> _Records supplied_:
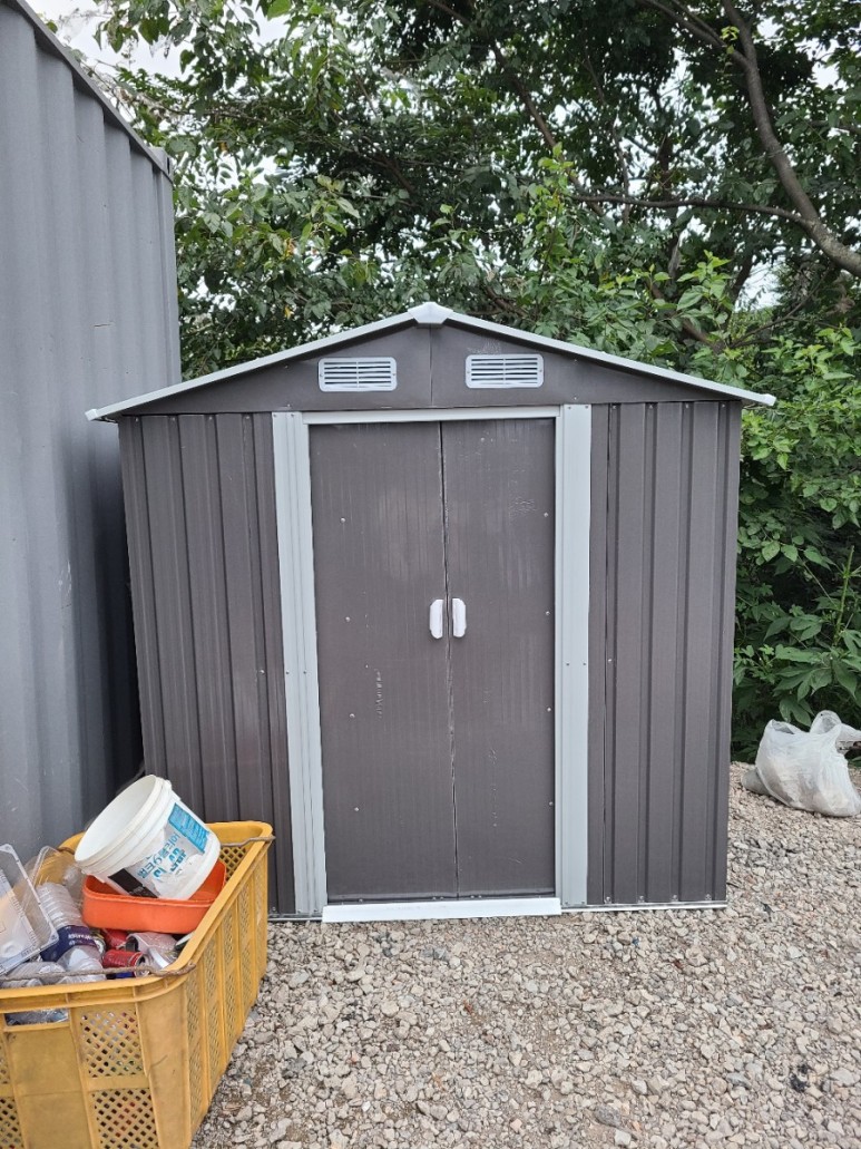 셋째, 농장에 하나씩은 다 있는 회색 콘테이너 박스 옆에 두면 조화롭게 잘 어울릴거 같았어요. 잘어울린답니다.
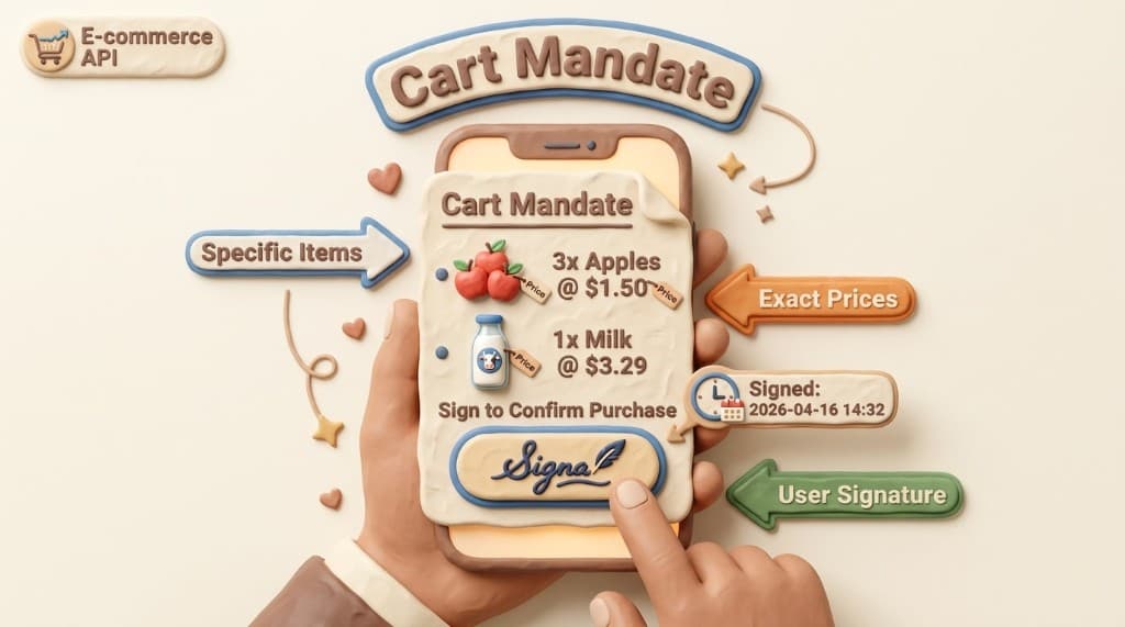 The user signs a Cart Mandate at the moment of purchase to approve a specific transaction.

...

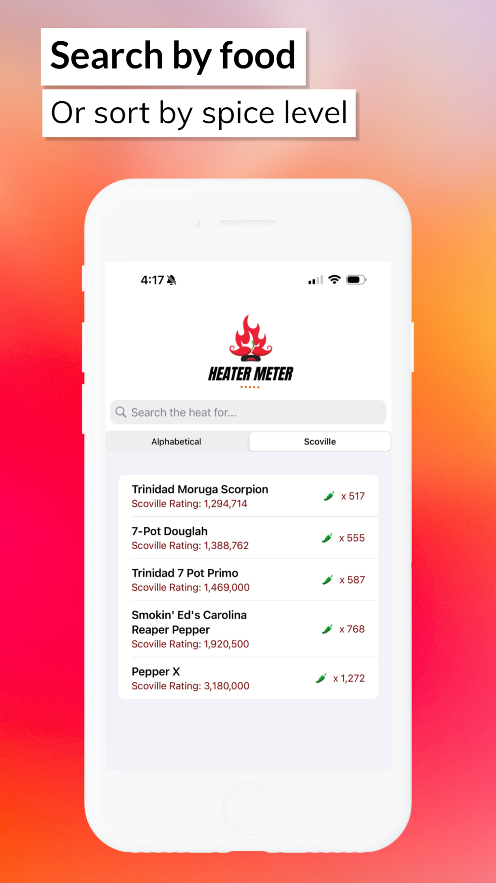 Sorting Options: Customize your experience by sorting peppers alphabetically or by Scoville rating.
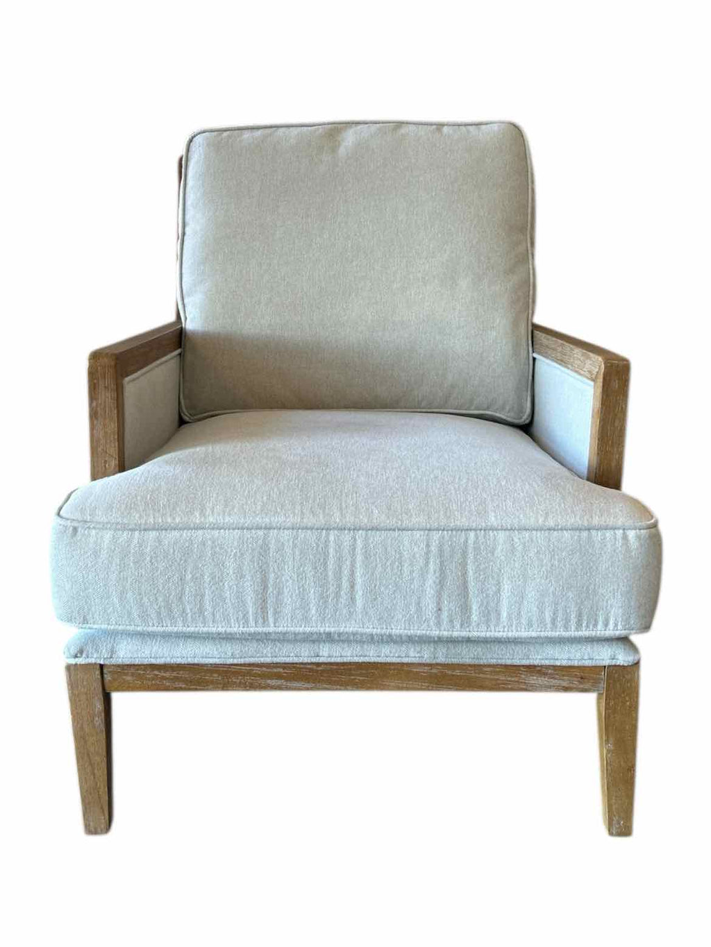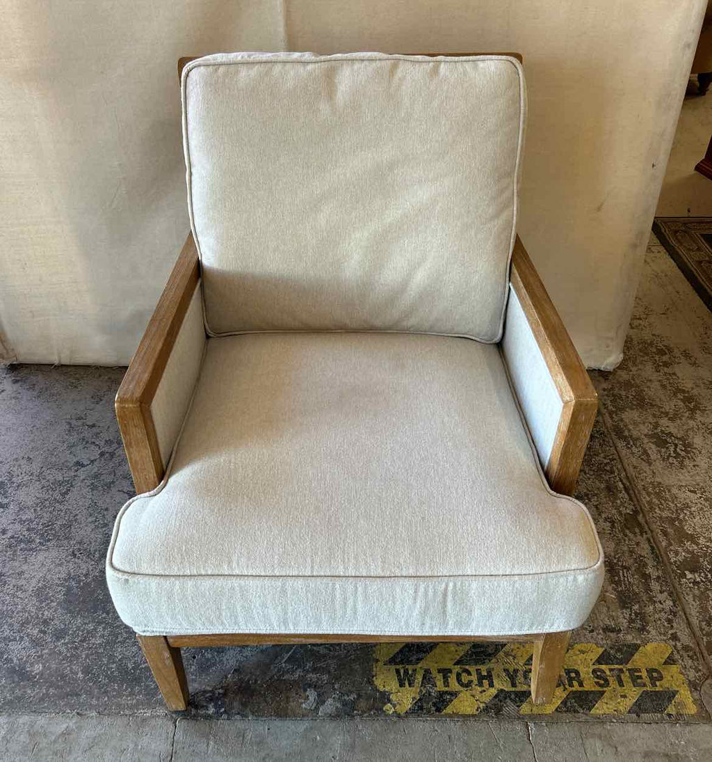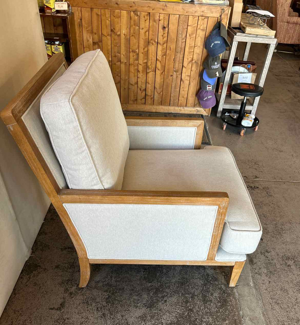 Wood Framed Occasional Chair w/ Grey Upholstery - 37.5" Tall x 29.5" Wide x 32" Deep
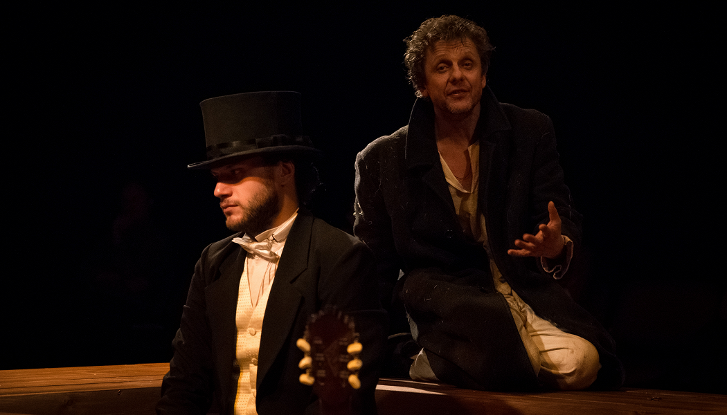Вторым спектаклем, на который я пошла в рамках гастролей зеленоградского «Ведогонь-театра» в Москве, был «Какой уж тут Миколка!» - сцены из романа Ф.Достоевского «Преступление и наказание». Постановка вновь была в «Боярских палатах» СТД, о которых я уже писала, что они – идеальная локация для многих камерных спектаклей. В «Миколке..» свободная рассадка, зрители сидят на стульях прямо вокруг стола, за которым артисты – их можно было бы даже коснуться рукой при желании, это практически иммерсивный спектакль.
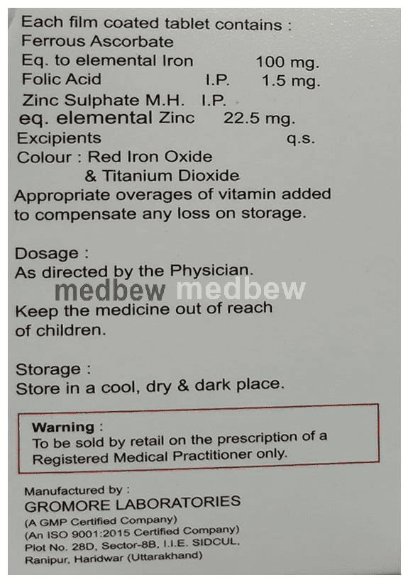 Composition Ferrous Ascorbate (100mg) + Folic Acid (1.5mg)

* * *

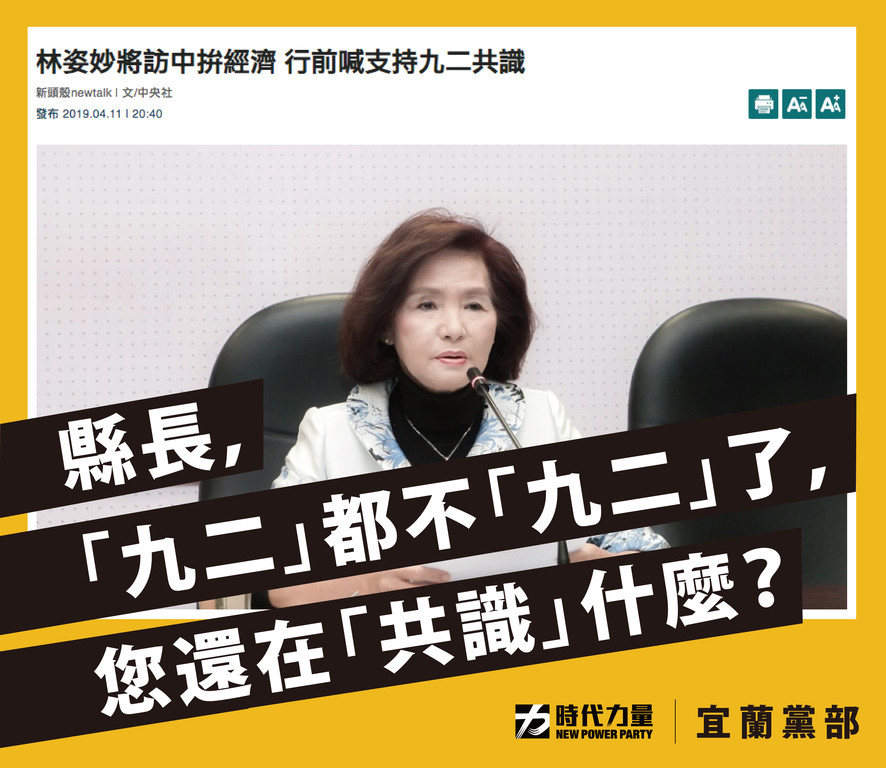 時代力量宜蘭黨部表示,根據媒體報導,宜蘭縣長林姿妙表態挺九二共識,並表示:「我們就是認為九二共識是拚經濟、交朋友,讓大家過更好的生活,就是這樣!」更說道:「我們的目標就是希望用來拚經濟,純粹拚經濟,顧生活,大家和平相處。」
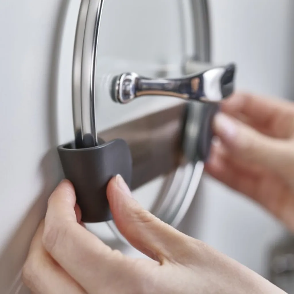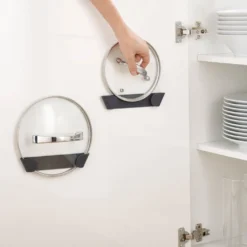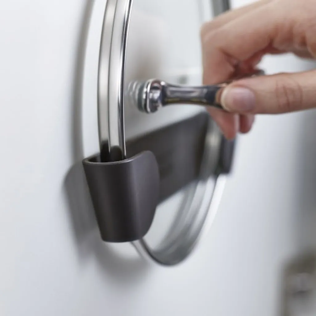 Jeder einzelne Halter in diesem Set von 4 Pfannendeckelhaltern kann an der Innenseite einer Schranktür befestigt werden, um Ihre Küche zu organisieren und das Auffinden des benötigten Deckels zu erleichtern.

> _What to do_: Exactly the lines starting at the one above with "Вторым спектаклем, на" and ending at the one with "Composition Ferrous Ascorbate" should be printed, and nothing else. Omit the pictures.

> _Response to this task_:
Вторым спектаклем, на который я пошла в рамках гастролей зеленоградского «Ведогонь-театра» в Москве, был «Какой уж тут Миколка!» - сцены из романа Ф.Достоевского «Преступление и наказание». Постановка вновь была в «Боярских палатах» СТД, о которых я уже писала, что они – идеальная локация для многих камерных спектаклей. В «Миколке..» свободная рассадка, зрители сидят на стульях прямо вокруг стола, за которым артисты – их можно было бы даже коснуться рукой при желании, это практически иммерсивный спектакль.
 Composition Ferrous Ascorbate (100mg) + Folic Acid (1.5mg)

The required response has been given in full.